In these cases the function get_type_converter
can be used. For example:
from pyxll import get_type_converter
to_dataframe = get_type_converter("var", "dataframe<index=True>")
df = to_dataframe(data)
Or the other way:
to_array = get_type_converter("dataframe", "var")
data = to_array(df)
Combined with PyXLL’s var
type you can pass in values from Excel as a plain array and perform
the conversion in your function. Or, you can specify the return type of your function as var
and convert from the DataFrame before returning the final converted value.
For example:
import pandas as pd
from pyxll import xl_func, get_type_converter
import pandas as pd
from pyxll import xl_func
@xl_func("bool include_index: var")
def return_dataframe(include_index=False):
"""A function that returns a DataFrame."""
# Create the dataframe
df = pd.DataFrame({
"A": [1, 2, 3],
"B": [4, 5, 6]
})
# Get the function to convert from a DataFrame to the PyXLL 'var'
# return type, specifying the 'index' type parameter.

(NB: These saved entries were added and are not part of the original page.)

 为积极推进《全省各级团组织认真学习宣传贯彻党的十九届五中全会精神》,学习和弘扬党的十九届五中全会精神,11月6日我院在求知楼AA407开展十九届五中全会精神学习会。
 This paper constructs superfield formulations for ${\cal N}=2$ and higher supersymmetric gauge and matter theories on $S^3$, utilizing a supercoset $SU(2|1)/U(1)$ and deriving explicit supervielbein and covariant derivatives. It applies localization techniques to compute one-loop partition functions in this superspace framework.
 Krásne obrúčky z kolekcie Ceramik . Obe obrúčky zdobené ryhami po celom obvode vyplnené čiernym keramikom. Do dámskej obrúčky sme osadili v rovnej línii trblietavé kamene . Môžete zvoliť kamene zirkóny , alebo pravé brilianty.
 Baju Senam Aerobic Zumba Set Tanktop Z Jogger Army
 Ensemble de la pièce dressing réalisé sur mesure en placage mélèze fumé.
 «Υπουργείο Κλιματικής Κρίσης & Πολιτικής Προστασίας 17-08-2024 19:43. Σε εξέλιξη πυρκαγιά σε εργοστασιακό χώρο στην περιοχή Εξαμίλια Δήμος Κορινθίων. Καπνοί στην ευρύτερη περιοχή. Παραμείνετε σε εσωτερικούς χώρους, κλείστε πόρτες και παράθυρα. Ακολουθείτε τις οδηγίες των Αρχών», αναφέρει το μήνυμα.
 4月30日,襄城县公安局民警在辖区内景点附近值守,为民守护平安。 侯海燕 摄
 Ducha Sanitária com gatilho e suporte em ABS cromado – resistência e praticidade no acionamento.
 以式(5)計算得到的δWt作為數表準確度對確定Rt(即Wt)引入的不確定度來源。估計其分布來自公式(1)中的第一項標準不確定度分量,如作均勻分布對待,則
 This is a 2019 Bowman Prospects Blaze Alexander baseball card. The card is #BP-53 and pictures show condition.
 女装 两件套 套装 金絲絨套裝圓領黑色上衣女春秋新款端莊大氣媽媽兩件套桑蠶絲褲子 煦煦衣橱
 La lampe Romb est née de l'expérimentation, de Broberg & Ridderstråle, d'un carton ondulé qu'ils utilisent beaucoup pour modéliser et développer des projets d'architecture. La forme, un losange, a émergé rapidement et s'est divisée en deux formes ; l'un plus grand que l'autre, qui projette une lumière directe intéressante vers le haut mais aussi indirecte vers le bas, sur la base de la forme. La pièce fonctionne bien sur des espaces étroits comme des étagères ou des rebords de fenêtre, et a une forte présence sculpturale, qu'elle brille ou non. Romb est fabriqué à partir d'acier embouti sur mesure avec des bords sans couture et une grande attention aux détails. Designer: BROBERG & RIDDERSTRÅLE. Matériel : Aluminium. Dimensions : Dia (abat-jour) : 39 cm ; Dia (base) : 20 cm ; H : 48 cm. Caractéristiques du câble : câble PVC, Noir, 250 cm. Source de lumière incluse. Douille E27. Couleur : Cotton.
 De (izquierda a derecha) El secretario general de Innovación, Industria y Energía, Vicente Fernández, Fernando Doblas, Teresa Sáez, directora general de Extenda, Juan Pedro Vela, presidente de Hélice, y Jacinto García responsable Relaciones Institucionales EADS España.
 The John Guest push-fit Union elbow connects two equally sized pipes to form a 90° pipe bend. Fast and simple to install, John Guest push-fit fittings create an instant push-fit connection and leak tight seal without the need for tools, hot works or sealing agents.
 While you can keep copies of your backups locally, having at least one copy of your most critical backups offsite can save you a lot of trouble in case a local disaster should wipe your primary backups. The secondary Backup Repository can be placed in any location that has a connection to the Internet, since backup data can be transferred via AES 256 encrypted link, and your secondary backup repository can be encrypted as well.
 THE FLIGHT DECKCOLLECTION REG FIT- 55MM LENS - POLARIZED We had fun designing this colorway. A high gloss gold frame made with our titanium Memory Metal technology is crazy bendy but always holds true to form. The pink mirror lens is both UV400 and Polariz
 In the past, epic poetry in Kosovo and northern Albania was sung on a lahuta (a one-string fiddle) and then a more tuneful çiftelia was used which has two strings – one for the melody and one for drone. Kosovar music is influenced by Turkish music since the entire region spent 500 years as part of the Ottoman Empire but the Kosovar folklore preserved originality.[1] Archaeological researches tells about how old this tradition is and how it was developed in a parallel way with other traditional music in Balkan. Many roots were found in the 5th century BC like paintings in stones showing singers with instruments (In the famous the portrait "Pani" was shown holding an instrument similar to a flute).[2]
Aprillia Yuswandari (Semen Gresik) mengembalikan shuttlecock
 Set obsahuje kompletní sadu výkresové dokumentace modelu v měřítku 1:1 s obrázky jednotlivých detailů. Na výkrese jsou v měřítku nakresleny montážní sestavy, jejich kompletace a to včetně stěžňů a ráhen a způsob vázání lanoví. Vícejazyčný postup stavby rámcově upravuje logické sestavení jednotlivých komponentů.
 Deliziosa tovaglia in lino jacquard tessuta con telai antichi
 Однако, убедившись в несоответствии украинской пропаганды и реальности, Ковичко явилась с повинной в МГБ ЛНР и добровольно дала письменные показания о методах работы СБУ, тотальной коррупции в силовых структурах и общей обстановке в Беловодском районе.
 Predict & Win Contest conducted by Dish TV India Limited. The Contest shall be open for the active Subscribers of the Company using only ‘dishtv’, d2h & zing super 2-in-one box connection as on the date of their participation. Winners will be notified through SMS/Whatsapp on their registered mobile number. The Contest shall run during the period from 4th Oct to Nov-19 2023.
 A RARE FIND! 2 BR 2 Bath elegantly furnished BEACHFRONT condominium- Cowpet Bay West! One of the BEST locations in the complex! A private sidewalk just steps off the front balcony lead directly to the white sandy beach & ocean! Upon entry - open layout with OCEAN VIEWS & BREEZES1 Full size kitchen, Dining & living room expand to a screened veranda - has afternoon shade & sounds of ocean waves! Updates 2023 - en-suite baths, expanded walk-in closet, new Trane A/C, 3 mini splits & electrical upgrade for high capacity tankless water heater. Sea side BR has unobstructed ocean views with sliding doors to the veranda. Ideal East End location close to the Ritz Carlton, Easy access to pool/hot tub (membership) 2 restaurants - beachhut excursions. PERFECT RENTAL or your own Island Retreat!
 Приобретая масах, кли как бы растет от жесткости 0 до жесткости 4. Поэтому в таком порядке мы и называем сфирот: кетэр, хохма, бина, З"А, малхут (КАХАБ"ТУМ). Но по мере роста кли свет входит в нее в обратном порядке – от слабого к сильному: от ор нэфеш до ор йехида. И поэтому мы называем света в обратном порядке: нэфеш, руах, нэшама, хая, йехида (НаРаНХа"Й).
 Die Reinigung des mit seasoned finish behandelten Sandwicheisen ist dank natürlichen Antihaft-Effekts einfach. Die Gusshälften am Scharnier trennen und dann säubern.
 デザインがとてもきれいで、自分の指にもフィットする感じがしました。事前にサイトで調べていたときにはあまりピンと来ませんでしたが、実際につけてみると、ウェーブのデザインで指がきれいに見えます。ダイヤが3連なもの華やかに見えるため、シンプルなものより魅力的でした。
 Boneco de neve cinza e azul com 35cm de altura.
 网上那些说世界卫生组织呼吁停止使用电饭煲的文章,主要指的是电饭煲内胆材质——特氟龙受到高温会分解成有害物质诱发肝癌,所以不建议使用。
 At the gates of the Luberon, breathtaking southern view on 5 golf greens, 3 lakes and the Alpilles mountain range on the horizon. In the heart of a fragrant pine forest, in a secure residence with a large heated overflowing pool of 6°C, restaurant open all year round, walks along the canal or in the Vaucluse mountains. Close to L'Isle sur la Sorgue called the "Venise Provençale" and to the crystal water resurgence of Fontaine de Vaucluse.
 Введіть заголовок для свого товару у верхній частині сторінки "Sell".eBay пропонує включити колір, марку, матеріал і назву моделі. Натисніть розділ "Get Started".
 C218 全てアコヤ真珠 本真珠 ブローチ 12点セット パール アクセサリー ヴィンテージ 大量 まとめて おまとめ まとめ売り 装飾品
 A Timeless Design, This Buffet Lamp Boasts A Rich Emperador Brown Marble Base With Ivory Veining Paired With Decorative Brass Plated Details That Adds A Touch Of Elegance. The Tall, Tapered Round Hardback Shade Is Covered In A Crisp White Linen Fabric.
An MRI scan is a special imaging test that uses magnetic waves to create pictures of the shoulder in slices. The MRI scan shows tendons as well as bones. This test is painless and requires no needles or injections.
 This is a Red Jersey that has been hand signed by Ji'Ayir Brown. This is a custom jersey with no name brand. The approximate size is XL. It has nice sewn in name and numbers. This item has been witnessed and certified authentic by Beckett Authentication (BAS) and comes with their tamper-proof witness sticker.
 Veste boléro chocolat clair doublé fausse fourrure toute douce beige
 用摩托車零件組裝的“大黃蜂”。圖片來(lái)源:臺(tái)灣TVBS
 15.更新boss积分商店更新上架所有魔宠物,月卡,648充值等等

to_var = get_type_converter("dataframe", "var", src_kwargs={
"index": include_index
})
# Convert the DataFrame and return the result
converted_df = to_var(df)
return converted_df
The above function returns a DataFrame. But, rather than using the dataframe
return type to do the
conversion implicitly, it uses the var
return type and performs the conversion inside the function.